O magistrado que soltou Temer e mais seis acusados de corrupção na ocasião, já esteve sete anos suspenso do cargo enquanto era investigado por suposta prática dos crimes de formação de quadrilha e estelionato.

O então juiz foi acusado de ter proferido duas sentenças, supostamente em conluio com um grupo de advogados, para autorizar o levantamento de vultosos valores financeiros, quando titular da 4ª Vara Federal no Espírito Santo.

No entanto, o MPF conclui que não havia provas do crime e a ação foi arquivada em 2008. Em 2013, a Segunda Turma do Supremo Tribunal Federal (STF) decidiu pelo trancamento da ação penal em curso no Superior Tribunal de Justiça (STJ) contra Athiê pelos mesmos crimes.

Como desembargador, o magistrado tem votos e decisões polêmicas. Em 2016, ele decidiu conceder um habeas corpus ao bicheiro Carlinhos Cachoeira e o ex-presidente da construtora Delta, Fernando Cavendish. Quartro dias depois, o desembargador declarou-se impedido para julgar o caso. Segundo o MPF, Athié é amigo do advogado de Cavendish, Técio Lins e Silva.

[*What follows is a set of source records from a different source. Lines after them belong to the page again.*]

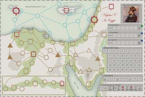 Napoleon in Egypt Think of it, soldiers; from the summit of these pyramids, forty centuries look down upon you. - Napoleon Bonaparte On July 1st, 1798, 35,000 French soldiers landed in Alexandria. This expeditionary forces mission was many-fold: to find an alternative spice route through a foreseen Suez Canal, to settle yet another score with the British, to enlighten the population with ideals stemming from the recent French Revolution, and to discover what marvels and riches this fabled land of the 1001 Nights might hold. This was indeed an expedition where scientists walked alongside soldiers. Leading the French troops was also a young and ambitious general named Napoleon Bonaparte... Napoleon in Egypt is a two-player, card-driven, operational wargame that allows you to recreate the French campaign in Egypt and Syria, from the landing of the French troops to the surrender of General Menou on August 31st, 1801. The game draws inspiration from other top-selling CDGs like Here I Stand and Twilight Struggle. A good and fast-playing introductory wargame thanks to its tight ruleset with few exceptions, the game will also please the veteran wargamers with 100 cards dripping with flavor, challenging players with the hand management every CDG fan has come to love! Napoleon in Egypt comes with four scenarios: The Conquest Where the French surprise the Mamluks and sweep across Egypt (2 hours). The Syrian Anabasis Where the French offensive starts to lose steam as it has to face multiple fronts (2 hours). The Fall Where the French, weary from the fighting, adopt a defensive posture to face strong retaliation from the Mamluks, the Ottomans, and the British (2 hours). The Campaign Where players relive the highs and lows of the French expedition, from its landing to its bitter capitulation (5-6 hours). Highlights: Battle system featuring custom dice which represent the Combat Quality of each Unit involved, leading to a fast combat resolution without having to compute DRMs or refer to charts. Events capturing the many pivotal moments of the campaign: the naval battle of Aboukir, the discovery of the Rosetta Stone, Napoleons untimely decision to return to France, etc. Fortified Spaces populations side with one faction or the other as they trade one occupying force for another. Espionage actions include the assassination of generals, ambushes, and sway of public order. Tracks to measure the progress of the scientific side of the expedition, with perks helping the French Player on the field. In Napoleon in Egypt, a French Player will square off against an Allied Player, controlling the loose Mamluk/Ottoman/British coalition. At the early onset of the campaign, the French will appear unstoppable as everything is in their favor: number and quality of troops, element of surprise, better leadership, etc. The French Regulars, however strong they are in Combat, are a finite number. The French have to tend to their wounded, convince the local population they are better off under French occupation, and dedicate some time and effort to the scientific mission of the expedition. As the turns go by, the Allied Player gains the upper hand, being able to recruit locally, master the Mediterranean with help from the British Navy, and exploit General Menous incompetence once Napoleon leaves Egypt. The Allied Player has their own challenges though. Ottoman Generals can Command Mamluk Units but not the other way around, which makes it hard to muster a sizable force to strike back at the French. And even strength in numbers is not always enough. As Napoleon has proven time and again, no matter what the odds are, he can pull off a miracle on the battlefield! The map is point-to-point, ranging from Alexandria to Thebes and Damascus on the continent, as well as Malta and Cyprus in the Mediterranean. Difficult and Inhospitable Spaces represent the harsh desert and other hindrances to army movement. Sea Spaces allow for naval action (Combat and transport of Units). The cards, in typical CDG fashion, can be played either for their APs or their Event. The French Player will trigger the Events from the Allied cards they play from their hand and vice-versa, leading to tense hand management. Fortunately, a track called La Patrie en Danger serves as a safety valve, much like Twilight Struggles Space Race. Each faction also has access to a Home Card, usable once per Turn and providing a range of powerful options. There are 4 types of custom dice in Napoleon in Egypt, each associated with a Combat Quality ranging from Elite to Mediocre. Each die type contains blank faces (Misses), targets (Hits), or Squares (which can be treated as Hits if a relevant Reaction Event has been played). Players roll the dice granted by their Units and total their number of Hits. Of course, Reaction Events allow for nasty surprises at the cost of a hand reduction, so nothing is ever guaranteed. Solitaire Play Enabled by the CDG Solo System: Experience Bonapartes excursion to Egypt solitaire with the cinematic play of the CDG Solo System! Napoleon in Egypt is compatible with the CDG Solo System and will come with an original playsheet from the games designer, edited by Ken Kuhn (one of the Systems co-designers). The included playsheet describes how the rules of the game are adapted to work with the CDG Solo System to support solitaire play. The CDG Solo System itself is not included with Napoleon in Egypt, but it can be purchased or downloaded as a free Print & Play Kit on the Systems home page here. If youve always had a hard time getting 6 players together for a game of Here I Stand or Virgin Queen but crave such immersive card-driven wargames, do not miss Napoleon in Egypt. Come witness how Bonaparte proved his worth as a general before his ascension to the head of the French nation! Components One 22 x 34 Mounted Game Board 100 Poker-sized Playing Cards Two Home Cards 30 Custom Combat Dice (10 blue Elite, 5 red Drilled, 10 green Average, and 5 yellow Med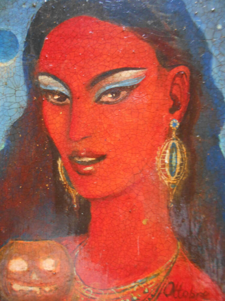 A portreit of a Witch, simbol of October. Made on a wooden desk and covered with a patina varnish.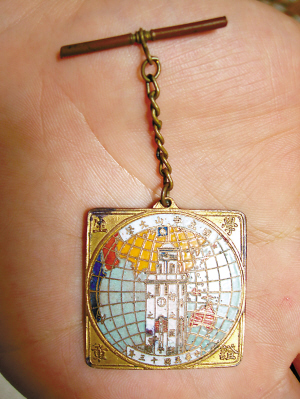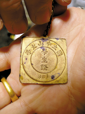 本报讯(记者曾毅摄影报道) 一枚正方形的金黄色金属块,正面以亚洲地图为背景,主体为一钟楼;背面则清晰印着“学生证”三字,编号为“881”。这是建国前中山大学的校徽,至今已有超过60年的历史,根据考证是中大建校以来第一代的校徽,存世极少。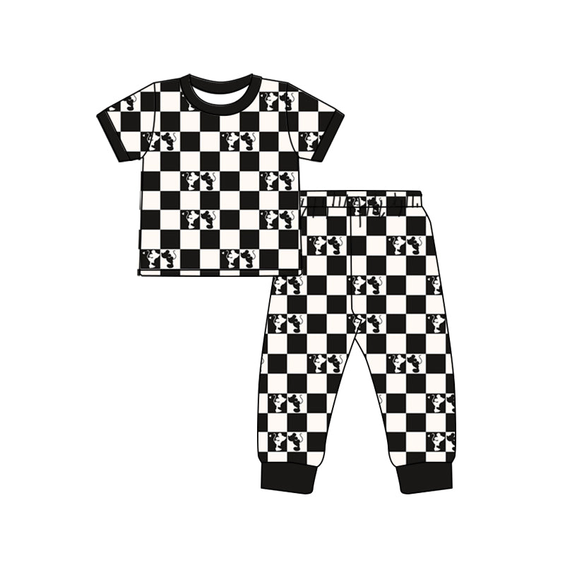 Baby Boys Cartoon Black Checkered Mouse Short Sleeve Shirt Pants Pajamas Clothing Sets Preorder(moq 5)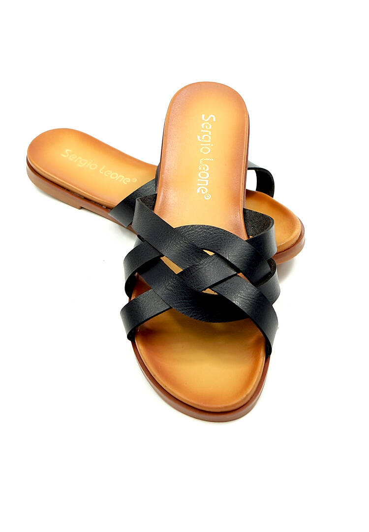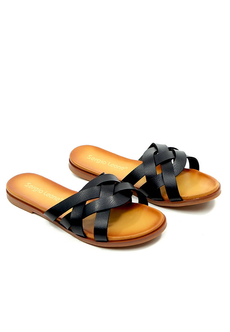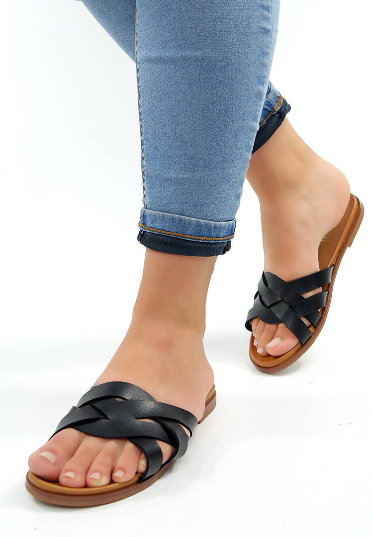 Damskie modne płaskie klapki. Modna pleciona cholewka. Model lekki z elastyczną podeszwą. Klapki damskie idealne do spodni i eleganckiej sukienki. Damskie płaskie klapki marki Sergio Leone.

Também em 2016, Athié foi o único desembargador que defendeu prisão domiciliar para ex-primeira dama do Rio de Janeiro , Adriana Ancelmo, mulher do ex-governador Sérgio Cabral, que estava detida. Em seu voto, o magistrado justificou que ela deveria cuidar dos filhos.

Em março de 2017, Bretas concedeu prisão domiciliar à ex-primeira dama e em agosto do ano passado, ela foi liberada da prisão domiciliar também por Bretas.

Athié também foi voto vencido em 2017, quando a primeira turma do TRF-2 manteve a prisão do “rei do ônibus” Jacob Barata Filho, rejeitando o habeas corpus da defesa. Antonio Ivan Athié foi o único que defendeu a prisão domiciliar do investigado da Operação Ponto Final, desdobramento da Lava Jato que investiga empresários de transporte público por pagamento de propinas.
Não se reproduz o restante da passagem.